A space capsule carrying the astronaut was due to be launched on Tuesday morning from Alice Springs by Singaporean company GoSpace.
The 650-kilogram pod was to be attached to a helium balloon that would travel “to the edge of space”, at which point a chord joining the pair would be cut, deploying a parachute.
However, in a statement released this morning, the company said the project would not be going ahead “due to high jet stream winds”.
“We cannot put our people in harm’s way. The weather is non-negotiable and our focus must always be on ensuring flight safety,” the company said.
“We are equally disappointed but we do not see this episode as a ‘failure to launch’, rather, a necessary step towards impeccable flight safety.

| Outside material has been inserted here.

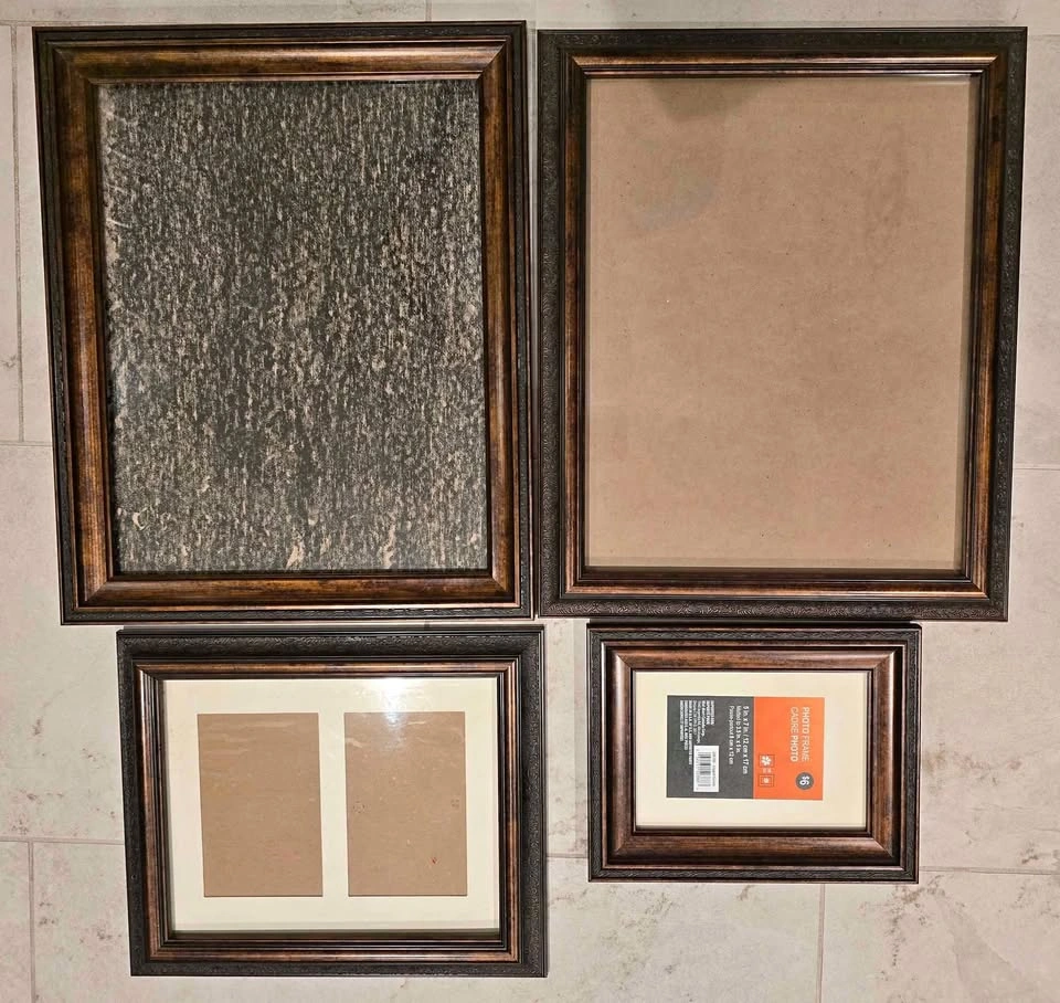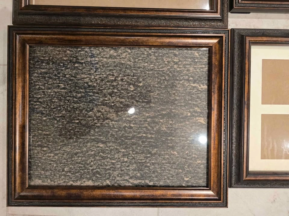 78Like new condition. Dark Bronze or brown type finish. Multi frame 2x 5x7, Single 5x7 or matted 3.5x5, 2 Large 10x13. $10 for all!

A diagram of the space launch, which was due to take place in Alice Springs on Tuesday (Supplied: GoSpace)
“We have had many past flight tests that were affected by weather conditions and unfortunately, Mother Nature has the last say.”
The five-year project is now on hiatus, with a second launch attempt not expected for at least another six to twelve months.

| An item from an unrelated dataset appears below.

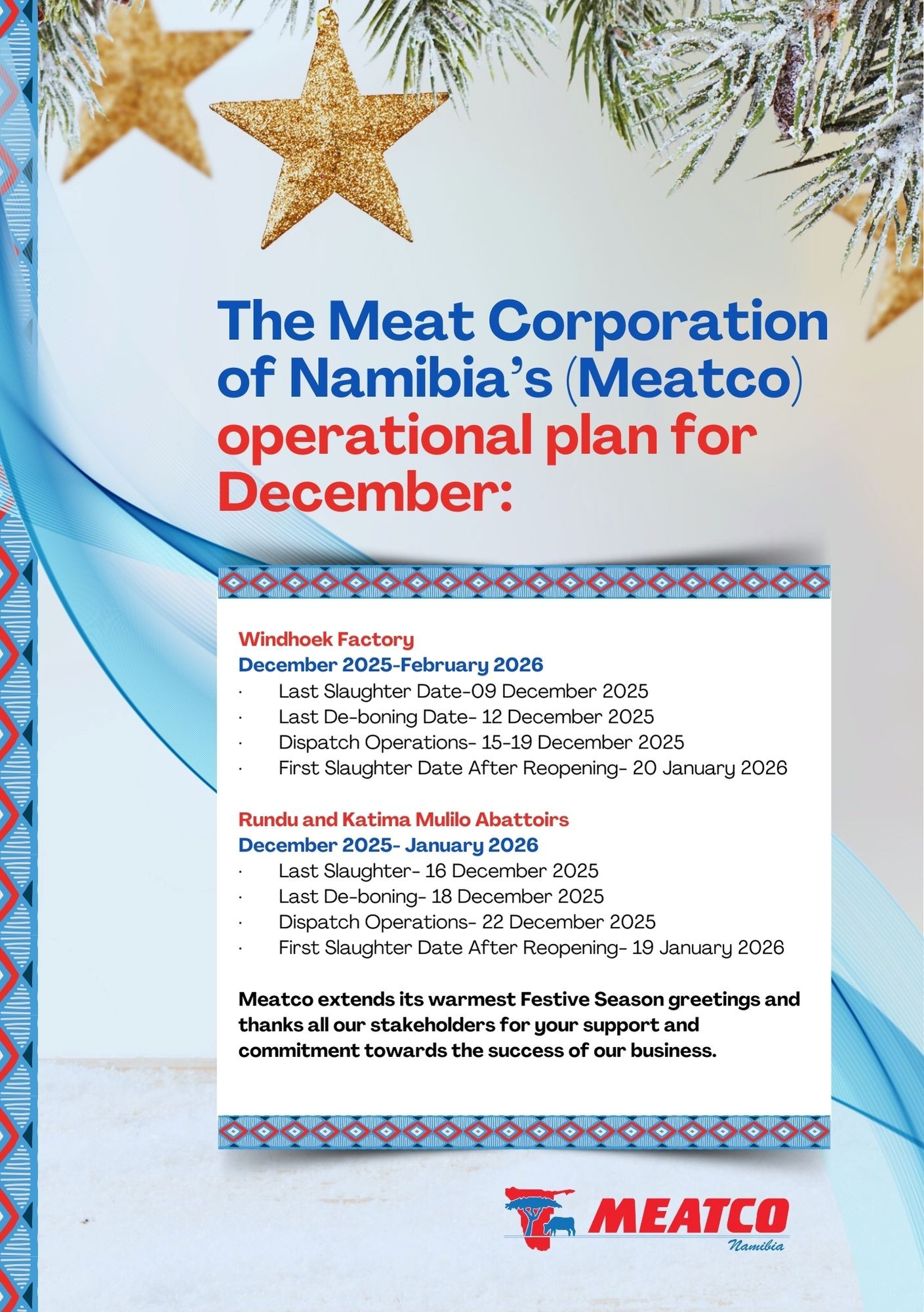 The Meat Corporation of Namibia (Meatco) was established and is regulated by the Meat Corporation of Namibia Act (Act 1 of 2001), hereafter referred to as the Meatco Act. As per the Act, the mandate of the Corporation is to serve, promote, and coordinate the interests of livestock producers in Namibia, while striving for the stabilisation of the red meat industry of Namibia, not least as both of these are of national importance.

Launch could be ‘the next space internet’
Lim Seng, a Singaporean businessman, self-funded the project and said while the launch had been approved by the Civil Aviation Safety Authority and NT Government, the Singapore Government was not as thrilled.
“We wanted to do this really as a national pride, but not so to compete with others,” he said.
“You cannot just depend on the government… You can do what you can do for the nation, rather than what the nation can do for you.
“The main thing is, we must not sit on our laurels. We must always look to the future.”
Mr Seng believes the project could be “the future space internet”.
However, researchers will have to wait for better weather conditions before they can put their theory to the test.
“If we are imaginative enough… we can create a one belt, one road digital up there in space, to set up a brand new internet not connecting to the ground,” he said.
“Look at it as a fifth dimension platform and then it will encourage many other people to come on and put application on this stratospheric balloon platform.”
What does it take to be a spaceman?
Around 150 candidates stepped forward to “risk their lives” for the mission, the company said.
Yip Chuang Syn, a pilot who has been flying with the Singapore Armed Forces (SAF) for 20 years, was ultimately picked as “spaceman”.
To take out the prized position, candidates were carefully vetted and put to the test through a series of physical and mental challenges, including parafoil jumping and diving exercises.
“He is so composed and so understanding, and I really believe of 150 people we have found the right guy,” Mr Seng said.
“[He has] the right mind, the right heart and the right guts to do this.”
Mr Seng conceded he was “probably crazy” for going ahead with the mission.
But he believes the project is more than just hot air.
“Of course I do [believe I will succeed], if not I would not do it,” he said.